COLLECTED MATERIAL Start Marker
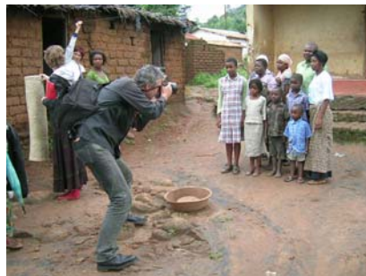
Ontwikkeling en fotografie FAMILY.matters in Malawi 2009
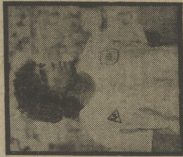
Maradona. Sobran más palabras.
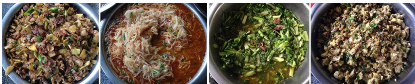
图 8 调查当日饭菜组图
COLLECTED MATERIAL End Marker
Wherever a picture appears in the material above, skip it and copy the rest without change.

Ontwikkeling en fotografie FAMILY.matters in Malawi 2009
Maradona. Sobran más palabras.
图 8 调查当日饭菜组图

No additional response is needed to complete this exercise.